In mathematical notation, points are often written in parentheses with a comma separating the coordinates. For example, $(0,0)$ represents the origin, and $(x,y)$ represents the point $x$ units to the right and $y$ units up from the origin.
There are several ways we might represent points in Julia:
We could store the coordinates separately in two variables, x and y.
We could store the coordinates as elements in a list or tuple.
We could create a new type to represent points as objects.
Creating a new type is more complicated than the other options, but it has advantages that will be apparent soon.
A programmer-defined composite type is also called a struct. A struct definition looks like this:
In [1]:
struct Point
x :: Float64
y :: Float64
end
The header indicates that the new struct is called Point. The body defines the attributes or fields of the struct. The Point struct has two fields. The fields can optionally be annotated with types using the :: operator. Fields with no type annotation default to Any, and can accordingly hold any type of value.
A struct is like a factory for creating objects. To create a Point, you call Point as if it were a function having as arguments the values of the attributes. When Point is used as a function, it is called a constructor.
In [2]:
origine = Point(0.0, 0.0)
println(origine)
typeof(origine)
Out[2]:
The return value is a Point object, which we assign to origine.
When you print an object, Julia tells you by default what type it belongs to and what the value of its fields are.
A state diagram that shows an object and its attributes is called an object diagram:
In [1]:
using TikzPictures
TikzPicture(L"""
\node(origine) [draw, fill=lightgray, minimum width=2.5cm, minimum height=1cm]{};
\node(norigine)[left of = origine, xshift=-1.5cm]{origine};
\node(Point)[above of = origine, xshift=-0.7cm, , yshift=-0.2cm]{Point};
\draw[-latex] (norigine) -- (origine);
\node(nx) at(-1,0.25) {x};
\node(x) at(0.5,0.25) {0.0};
\draw[-latex](nx)--(x);
\node(ny) at(-1,-0.25) {y};
\node(y) at(0.5,-0.25) {0.0};
\draw[-latex](ny)--(y);
"""; options="very thick, scale=2, transform shape", preamble="""
\\usepackage{newtxmath}
\\renewcommand{\\familydefault}{\\sfdefault}
\\usepackage{cancel}
""")
Out[1]:
In [3]:
x = origine.x
Out[3]:
The expression origine.x means, “Go to the object origine refers to and get the value of x.” In the example, we assign that value to a variable named x.
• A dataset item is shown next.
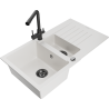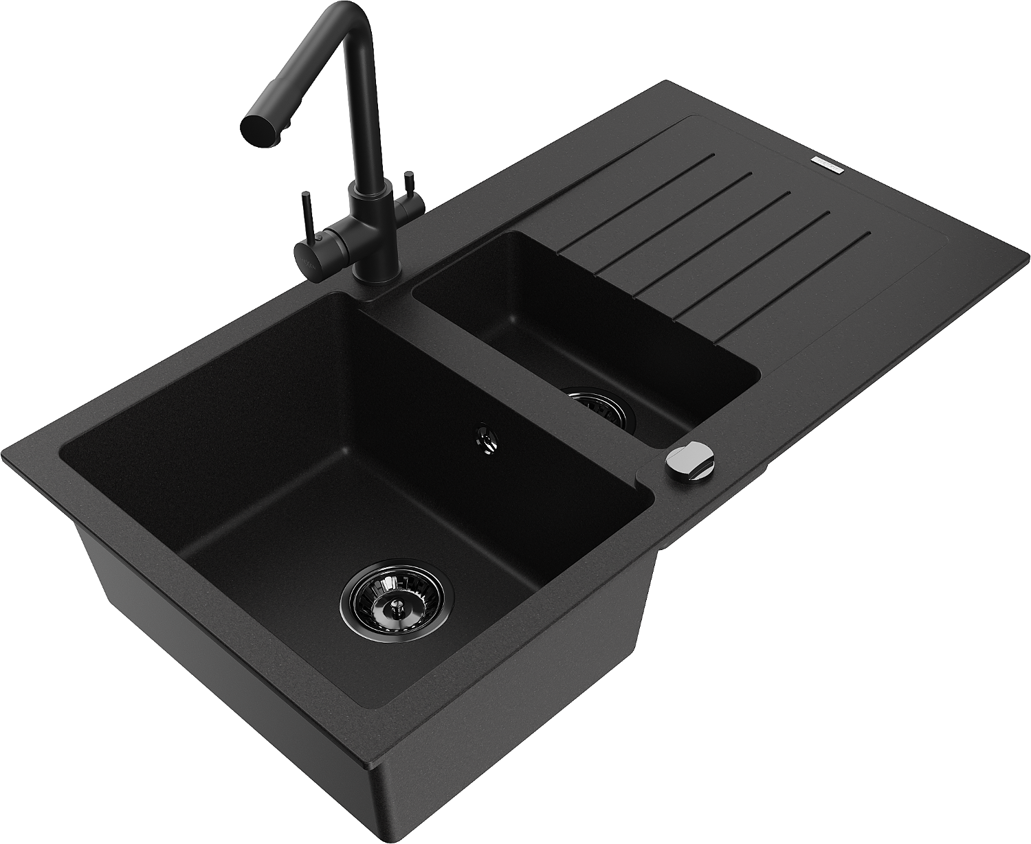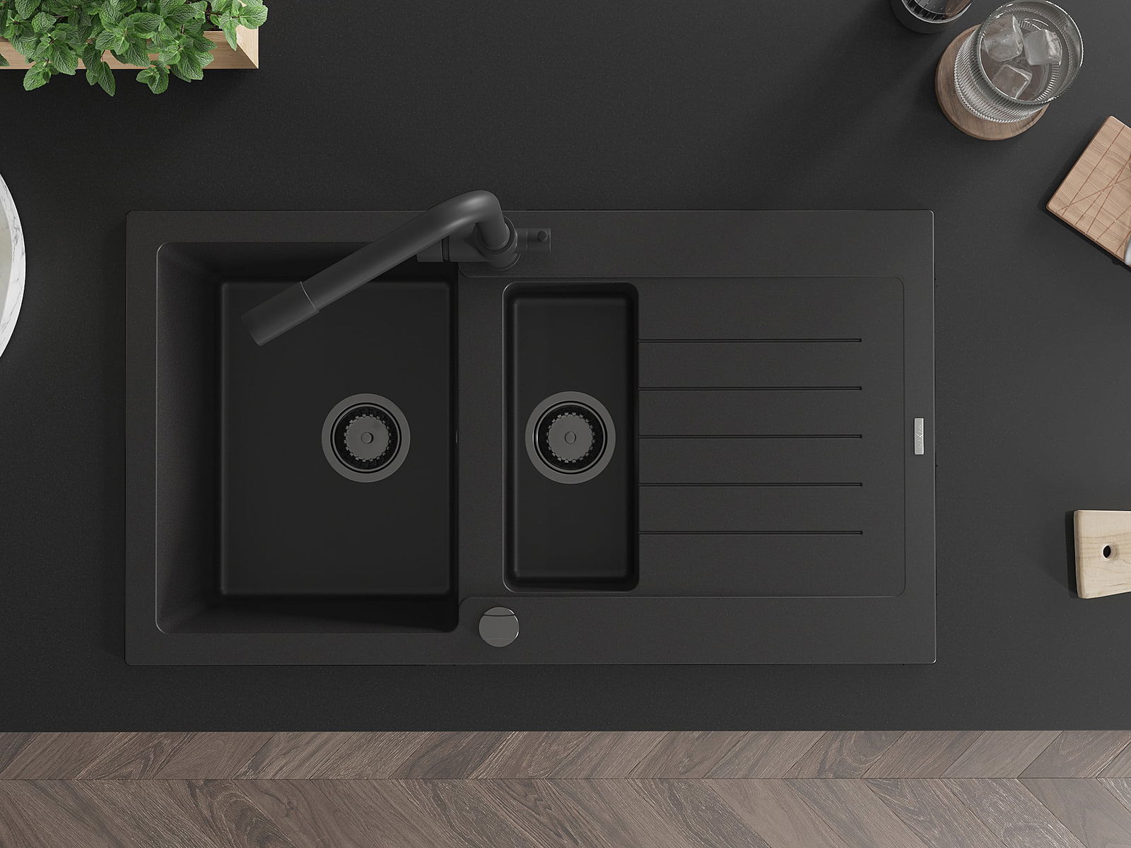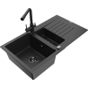Mexen Matias granitový dřez 1,5-komorový s odkapávačem a kuchyňskou baterií Duero, černý - 6502-77-671600-70-B

There is no conflict between the variable x and the attribute x.
Structs are however immutable, after construction the fields can not change value:
In [4]:
origine.y = 1.0
This may seem odd at first, but it has several advantages:
It can be more efficient.
It is not possible to violate the invariants provided by the type's constructors.
Code using immutable objects can be easier to reason about.
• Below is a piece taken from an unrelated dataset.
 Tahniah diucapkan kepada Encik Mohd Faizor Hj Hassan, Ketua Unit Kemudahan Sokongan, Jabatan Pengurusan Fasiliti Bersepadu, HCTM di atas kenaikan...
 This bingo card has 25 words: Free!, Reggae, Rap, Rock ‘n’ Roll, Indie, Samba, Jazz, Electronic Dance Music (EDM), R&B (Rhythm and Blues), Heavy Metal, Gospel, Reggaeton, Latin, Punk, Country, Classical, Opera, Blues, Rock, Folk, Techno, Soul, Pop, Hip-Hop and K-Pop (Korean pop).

An immutable composite object might contain mutable objects, such as arrays, as fields. Those contained objects will remain mutable; only the fields of the immutable object itself cannot be changed to point to different objects.
In [5]:
struct APoint
v :: Array{Float64, 1}
end
The struct APoint has one field that has type Array{Float64, 1}, i.e. an array of 1 dimension holding floating point values.
In [6]:
a_point = APoint([0.0, 0.0])
Out[6]:
a_point is an immutable object but we can modify the values stored in a_point.v:
In [7]:
a_point.v[2] = 1.0
a_point
Out[7]:
But we cannot reassign the field v:
In [8]:
a_point.v = [1.0, 1.0]
Sometimes it is obvious what the fields of an object should be, but other times you have to make decisions. For example, imagine you are designing a class to represent rectangles. What attributes would you use to specify the location and size of a rectangle? You can ignore angle; to keep things simple, assume that the rectangle is either vertical or horizontal.
There are at least two possibilities:
You could specify one corner of the rectangle (or the center), the width, and the height.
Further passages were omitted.